I had just finished taking a MOOC hosted by Andrew Ng on machine learning. One of the topics covered in that course was the concept of neural networks. Briefly, the neural network is a machine learning technique in which one attempts to computationally model the human brain, and use that model to make decisions. While there are many different models in use today, the course focused on one of the simpler models - the multilayer perceptron (MLP).
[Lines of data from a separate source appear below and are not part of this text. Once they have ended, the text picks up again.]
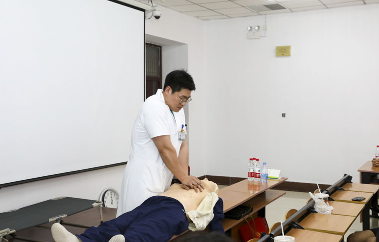 在日常必備急救技能的實操培訓環節,張寧主管護師結合同學們日常生活中可能遇到的急救場景進行假設,分別對猝死、氣管異物、觸電、溺水等危急事件的處理進行了詳細說明,并重點講解了心肺復蘇術以及海姆立克急救法,通俗易懂的語言和操作熟練的技能,將現場氣氛推向高潮,同學們紛紛前來親身體驗,接受專家們的指導。大家表示,四院老師們講授內容豐富多彩,學習到了很多防癌抗癌的知識和理念,親身體驗了急救操作技能,受益良多。
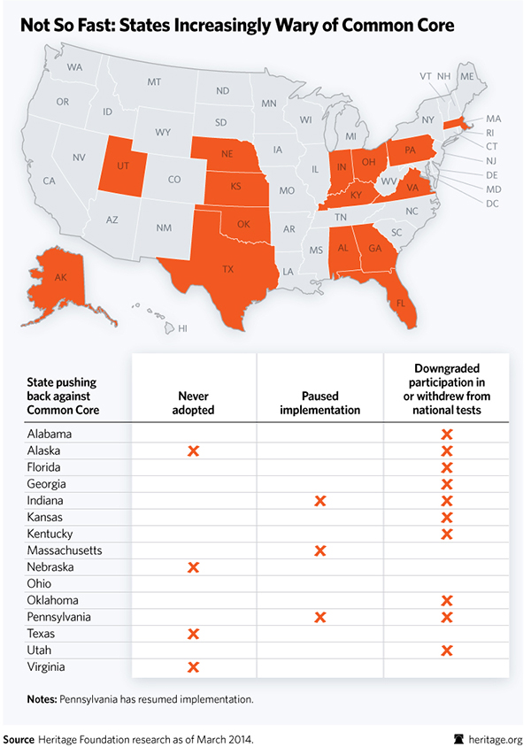 Seit dem Mandat ,,No Child Left Behind”, das 2001 von George W. Bush erlassen wurde, müssen alle 50 US-Bundesstaaten ihre Schüler jährlich prüfen, um sicher zu sein, dass jedes Kind das Material vollständig versteht. Dazu musste jeder Bundesstaat seine eigenen Standards entwickeln, damit Schulen wissen, welcher Lernstoff in den Prüfungen erscheint. Schulen bekommen nur Geld von der Bundesregierung, wenn die Testergebnisse sich jedes Jahr verbessern. ,,Dieses Programm führt zu oberflächlichem Unterricht in dem die Kinder sich nur für die Prüfung das Material gemerkt haben, ohne es wirklich im Griff zu haben”, meint eine Mutter drei Kinder im US-Bundesstaat Virginia. Weiterhin halfen die niedrigen Standards den Bundestaaten die Tests zu bestehen und finanzielle Hilfe vom Staat zu bekommen.
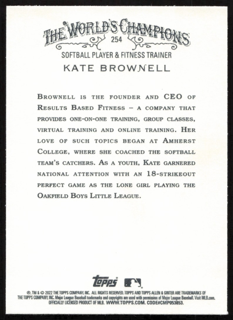 This Baseball card, from 2022 is part of the Topps Allen & Ginter card set. Kate Brownell is featured and has a card number of 254.
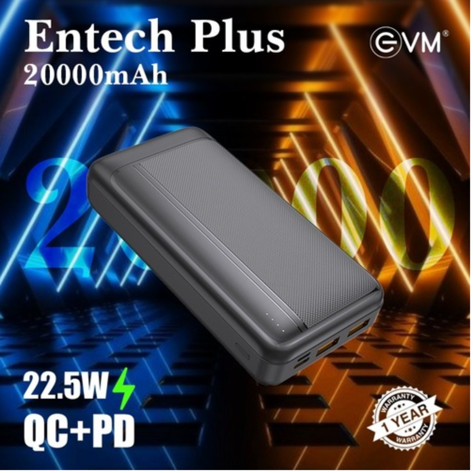 Stay powered all day with the EnTech Plus Power Bank. With a massive 20,000mAh capacity and 22.5W fast charging, it’s designed to charge your devices quickly and efficiently—multiple times over. Perfect for travel, work, or everyday use.
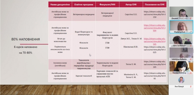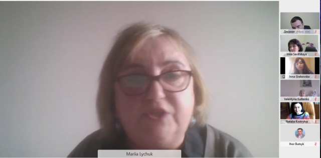 Згідно затвердженого графіку свій звіт про забезпеченість навчальних дисциплін електронними навчальними курсами представила завідувач кафедри романо-германських мов і перекладу Марія Личук. Грунтовний звіт Марії Іванівни все ж залишив низку питань, які озвучив заступник декана Ярослав Рудик та отримав на них відповідь.
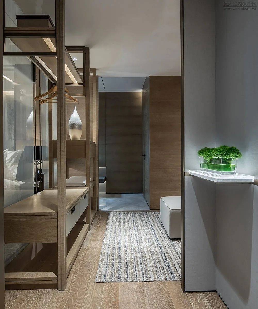 如果是酒店性质,那展示功能会更多一些,储物量相对减小,将起居空间和床品并置则可以将空间放大,而相对来说衣帽间则可以适当缩小。
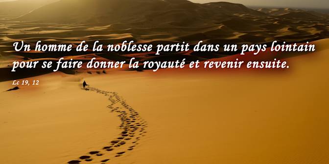 En ce temps-là, comme on l’écoutait, Jésus ajouta une parabole : il était près de Jérusalem et ses auditeurs pensaient que le royaume de Dieu allait se manifester à l’instant même. Voici donc ce qu’il dit : « Un homme de la noblesse partit dans un pays lointain pour se faire donner la royauté et revenir ensuite. Il appela dix de ses serviteurs, et remit à chacun une somme de la valeur d’une mine ; puis il leur dit : “Pendant mon voyage, faites de bonnes affaires.” Mais ses concitoyens le détestaient, et ils envoyèrent derrière lui une délégation chargée de dire : “Nous ne voulons pas que cet homme règne sur nous.” Quand il fut de retour après avoir reçu la royauté, il fit convoquer les serviteurs auxquels il avait remis l’argent, afin de savoir ce que leurs affaires avaient rapporté. Le premier se présenta et dit : “Seigneur, la somme que tu m’avais remise a été multipliée par dix.” Le roi lui déclara : “Très bien, bon serviteur ! Puisque tu as été fidèle en si peu de chose, reçois l’autorité sur dix villes.” Le second vint dire : “La somme que tu m’avais remise, Seigneur, a été multipliée par cinq.” À celui-là encore, le roi dit : “Toi, de même, sois à la tête de cinq villes.” Le dernier vint dire : “Seigneur, voici la somme que tu m’avais remise ; je l’ai gardée enveloppée dans un linge. En effet, j’avais peur de toi, car tu es un homme exigeant, tu retires ce que tu n’as pas mis en dépôt, tu moissonnes ce que tu n’as pas semé.” Le roi lui déclara : “Je vais te juger sur tes paroles, serviteur mauvais : tu savais que je suis un homme exigeant, que je retire ce que je n’ai pas mis en dépôt, que je moissonne ce que je n’ai pas semé ; alors pourquoi n’as-tu pas mis mon argent à la banque ? À mon arrivée, je l’aurais repris avec les intérêts.” Et le roi dit à ceux qui étaient là : “Retirez-lui cette somme et donnez-la à celui qui a dix fois plus.” On lui dit : “Seigneur, il a dix fois plus ! – Je vous le déclare : on donnera à celui qui a ; mais celui qui n’a rien se verra enlever même ce qu’il a. Quant à mes ennemis, ceux qui n’ont pas voulu que je règne sur eux, amenez-les ici et égorgez-les devant moi.” » Après avoir ainsi parlé, Jésus partit en avant pour monter à Jérusalem.
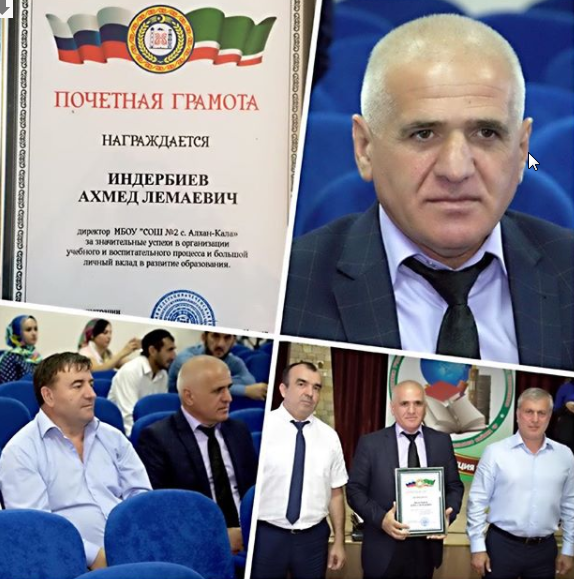 На ежегодной августовской конференции работников образования Грозненского муниципального района директор МБОУ" СОШ 2 с. Алхан-Кала" Индербиев Ахмед Лёмаевич награждён почетной грамотой Главы администрации Грозненского муниципального района Бекхана Султановича Хасиева , за значительные успехи в организации учебного и воспитательного процесса и большой личный вклад в развитие образования.
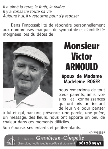Décédé à Libramont (6800) le mardi 20 janvier 2015 à l'âge de 84 ans
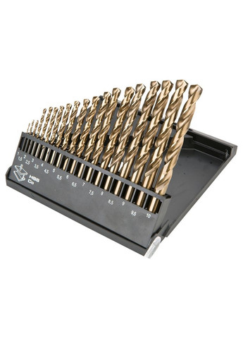 Набір свердел по металу GRAPHITE (арт. 57H199) діаметрами від 1.0 мм до 10 мм, виготовлених зі сплаву швидкорізальної сталі 9341. Додаткове покриття шаром азоту титану дозволяє зменшити опір під час різання та зберегти високу якість просвердлюваних отворів, насамперед під час свердлення отворів за допомогою свердлильних станків. Кут при верхівці 135° і корекція зрізу дозволяє з легкістю свердлити отвори без попереднього розмічення. Ідеально підходять до свердлення в сталі, чавуні, елементах із кольорових металів (мідь, алюміній, мосяж).
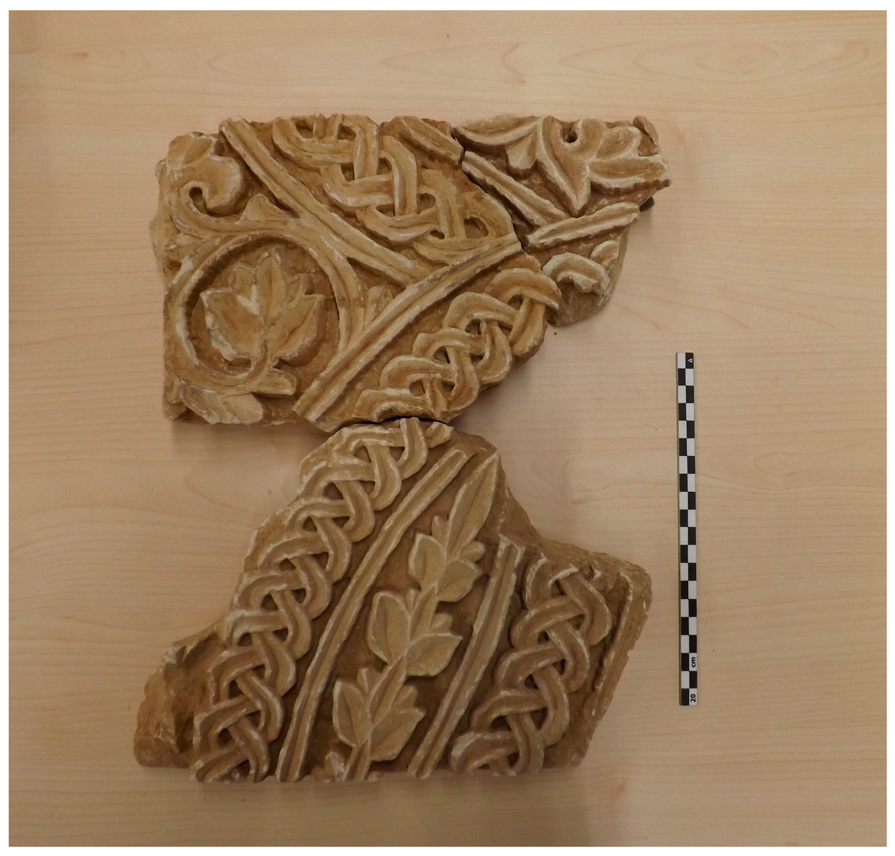 Once the carving was completed, polychrome decoration may have been applied. In the case of Building 1, however, polychromy has only been documented on the fragments that formed the star (analysed below). Finally, the pieces were affixed in their positions with lime mortar, which, in the case of friezes and panels, also served to fully integrate them into the architecture.
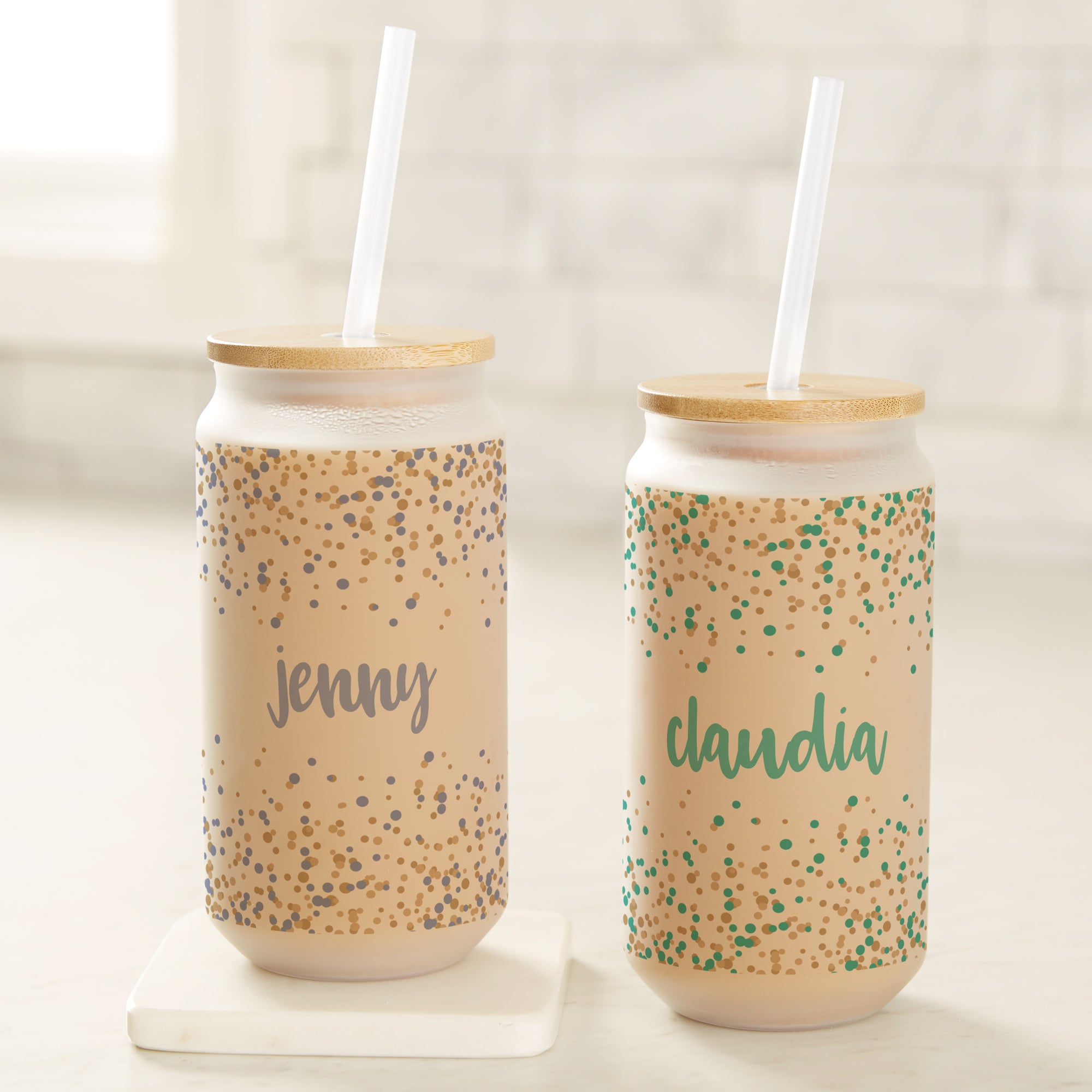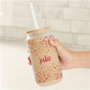 Sip in style with our Sparkling Name Personalized Frosted Iced Coffee Tumbler. A bamboo lid and straw add sustainable style and functionality, making this a perfect choice for travel drinkware and reducing spills in any environment! The bamboo lid fits perfectly on the glass and has a hole specifically built for the straw.
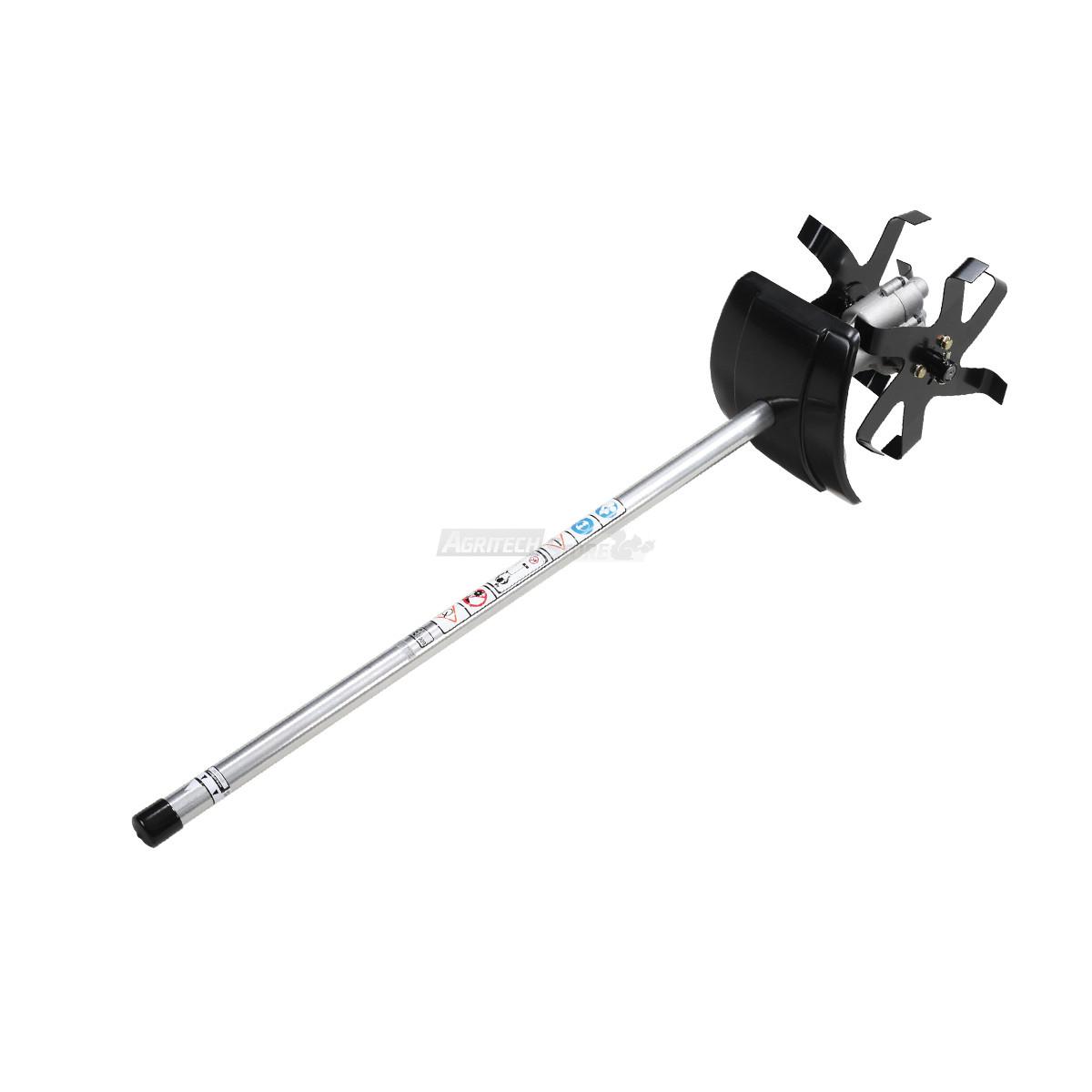 This attachment, proposed by Agritechstore, is designed for tilling small plots of land previously worked with a rotary cultivator.
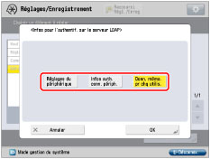 [Réglages du périphérique] : | Utilise les informations d'authentification définies sous [Mémoriser serveur LDAP]. (Voir "Mémorisation d'un serveur LDAP".) D'autres réglages ne sont pas requis pour chaque utilisateur. |
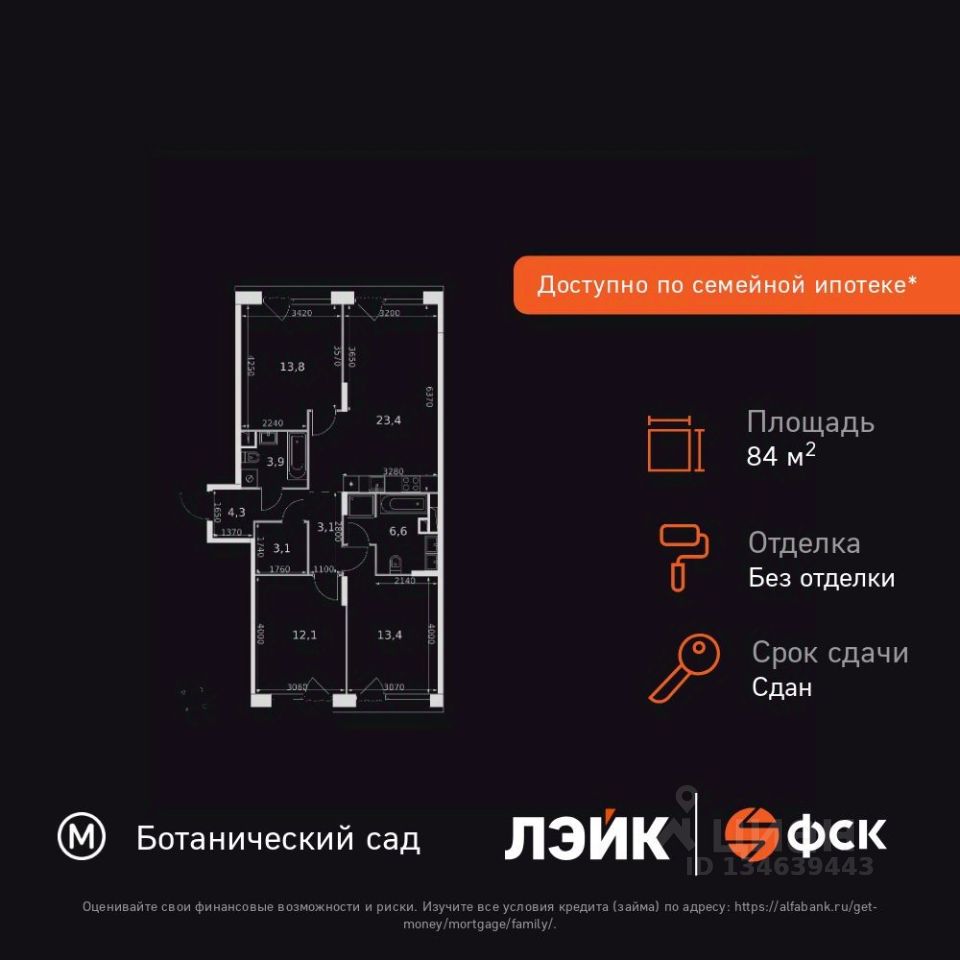 Продаётся 3-к квартира номер 107 общей площадью 84.3 кв.м. на 5-м этаже 10 этажного здания. Без отделки. Цена с учётом скидки.

In this model, we have layers of “neurons”, which are abstracted as the circles in the diagram below. The output from each circle is fed into the inputs of every neuron on the next layer, creating this network of dataflow. Input data presented to the network is input at the left-hand side, and the outputs are eventually grabbed from the right hand side.

Network

When evaluating this model on a computer, the output for each neuron, the “activation level”, must be handled sequentially. This is a heavy computational load - sums must be computed again and again and again! Old results can’t be cached and re-used, due to the fact that there are different weighting coefficients applied to the inputs that differ from neuron to neuron. This can make a neural network very slow on a general-purpose processor.However, after staring at the network, one realizes that this process should be trivially parallelizable. This seems like a perfect task for a Field Programmable Gate Array (FPGA)! The problem is that developing code to program FPGAs is very different from any software language, making it very difficult for those from a traditional machine learning background to create special purpose hardware for their developed neural networks.

This project attempts to bridge that knowledge gap by providing a simple, clean Graphical User Interface (GUI) that lets the user generate customized VHDL files that implement neural networks. The GUI, written in C#, will allow the user to input important parameters such as the number of hidden layers, the activation functions of the neurons in a given layer, and whether the output will be a classifier output or a regressive output. The GUI will allow the user to select from a few different layout schemes and fixed point bus widths, allowing the user to trade execution speed for FPGA chip space to fit their needs. The goal of this program is to allow for a user to easily take an algorithm developed using MATLAB or some other software program and quickly translate it into a
hardware implementation. This would have massive effects on the area of robotics, “smart” devices, and embedded systems in general.

A rudimentary scheme has been implemented for neurons and sigmoid activations. The network is very fast, but takes up a large amount of chip space. The pipelined implementation is slower, but takes up a much smaller footprint. If possible, I highly recommend using the pipelined implementation. The code can be downloaded from github.